A Study of BH-30236 in Relapsed/ Refractory Acute Myelogenous Leukemia and Higher Risk Myelodysplastic Syndrome

Description

This is a Phase 1/1b, multi-center, open-label, dose escalation, first-in-human study to evaluate the safety, tolerability, PK, PD, and preliminary anti-leukemic activity of the CLK inhibitor, BH-30236 as a monotherapy or in combination with venetoclax, in adult participants with R/R AML or HR-MDS.

The study consists of three parts: Phase 1, Part 1 Dose Escalation – Monotherapy, Phase 1, Part 2 Dose Escalation – Combination with Venetoclax, and Phase 1b Dose Expansion.

Phase 1, Part 1 Dose Escalation – Monotherapy is anticipated to enroll approximately 50 participants to evaluate the safety, tolerability, PK, PD, and preliminary anti-leukemic activity of BH-30236, as well as determine the MTD and/or the preliminary recommended dose(s) for expansion (RDEs).

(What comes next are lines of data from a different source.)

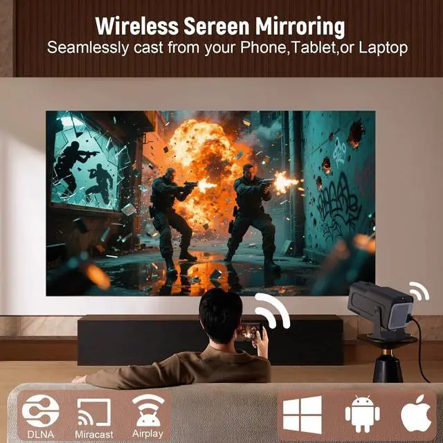 Dual-Band WiFi 6 & Bluetooth 5.2Experience zero-buffering 4K streaming with next-gen mini projector with wifi and bluetooth technology! Dual-band WiFi 6 (2.4GHz + 5GHz) is 3x faster than older WiFi 5.2. It allows for buffer-free, lag-free movies and gaming, while Bluetooth 5.2 allows for instant pairing with speakers or headphones. Mirror iOS/Android devices or connect laptops wirelesslyportable movie projector freedom without cables. Stream, share, and play effortlessly from any corner of your home or backyard.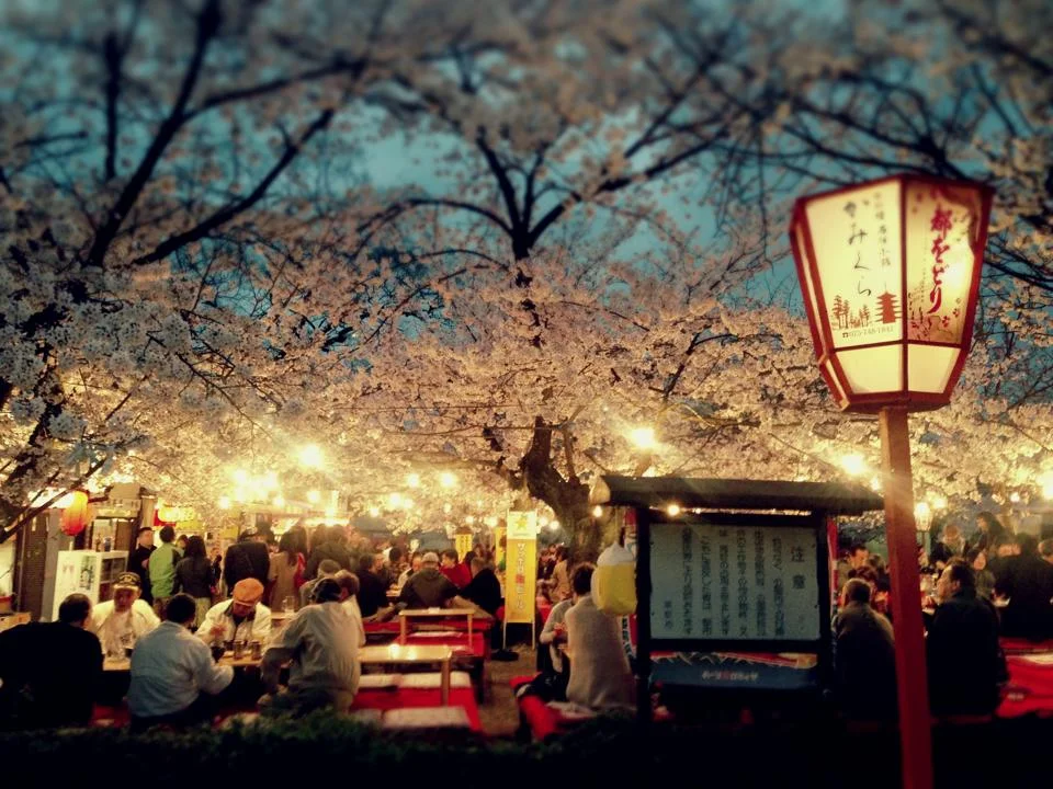 櫻花雨下鋪上草蓆,好友們聚成一圈著拿起啤酒舉杯歡慶。
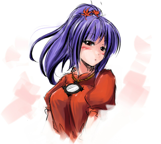 1girlalternate hairstyleblushbreastsfemale focusponytailpurple hairsketchsoloupper bodywhite background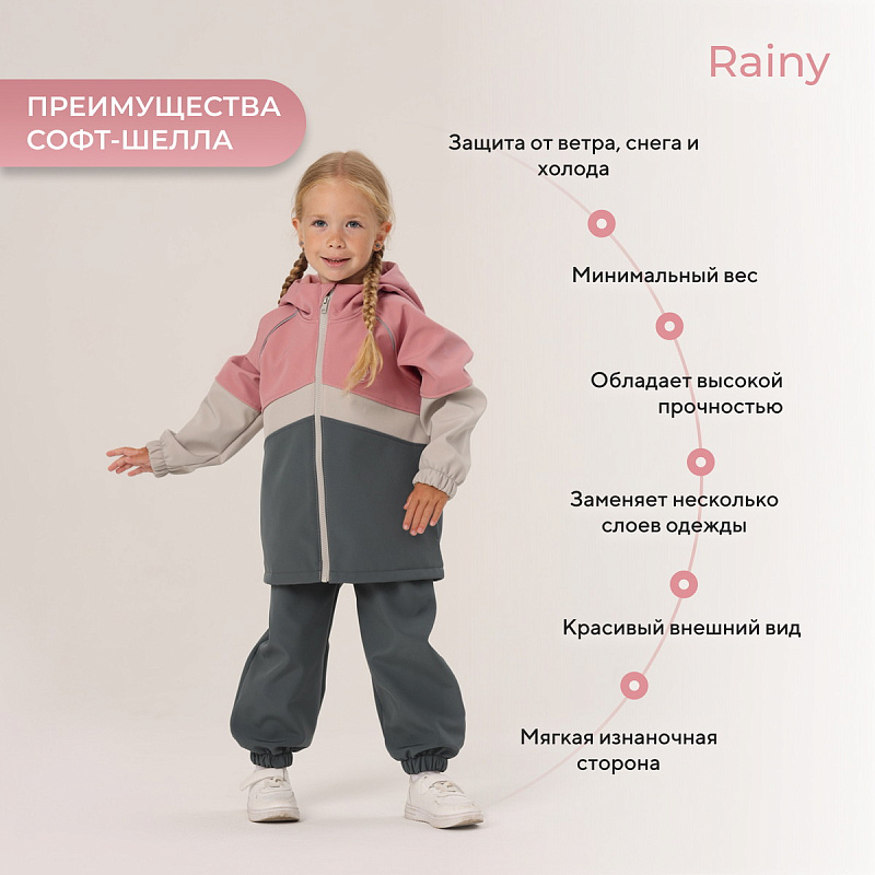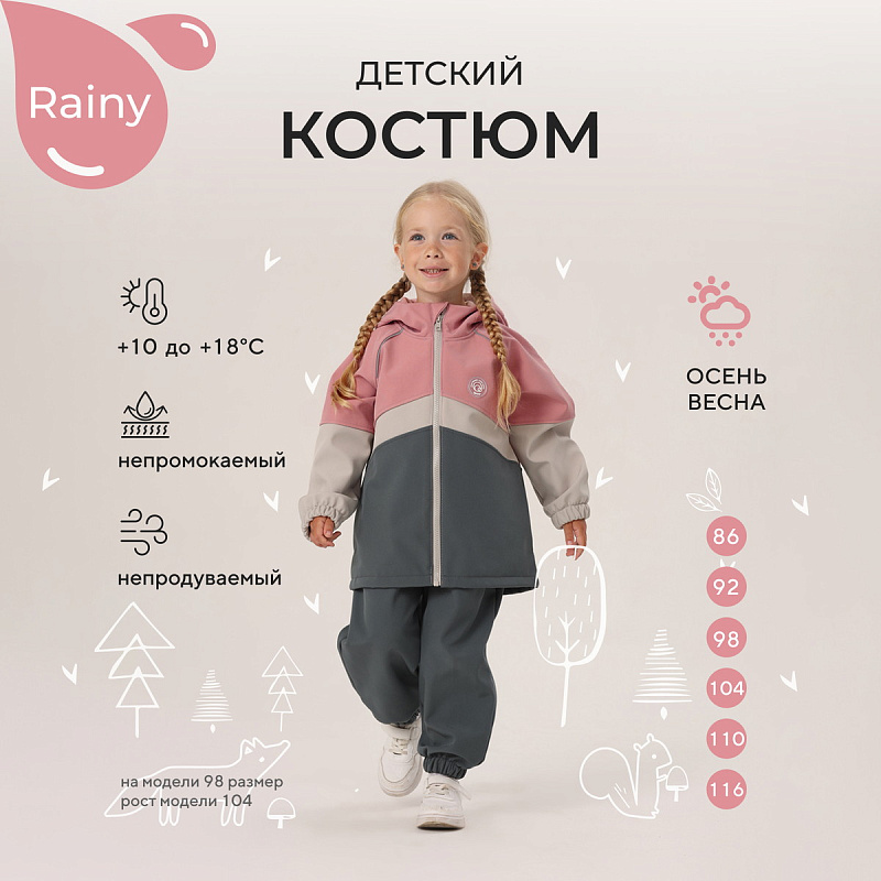 Какое детство без прогулок по лужам? Детский демисезонный костюм RANT RAINY подарит малышу невероятное ощущение уюта и тепла. Модель покорит вас: инновационным влагоотталкивающим и ветронепроницаемым материалом софтшелл, тщательно продуманными деталями кроя, лаконичным исполнением, комфортным лекалом.

Phase 1, Part 2 Dose Escalation – Combination with Venetoclax is anticipated to enroll approximately 48 participants to evaluate the safety, tolerability, PK, PD, and preliminary anti-leukemic activity of BH-30236, as well as determine the MTD and/or the preliminary recommended dose(s) for expansion (RDEs).

Phase 1 will follow a Bayesian optimal interval (BOIN) design dose escalation, where participants will receive ascending doses of BH-30236 to determine the recommended RDEs.

Phase 1b Dose Expansion will enroll approximately 72 participants to evaluate the safety, tolerability, and preliminary anti-leukemic activity of BH-30236 as a monotherapy or in combination with venetoclax at selected RDEs determined in Phase 1 Dose Escalation.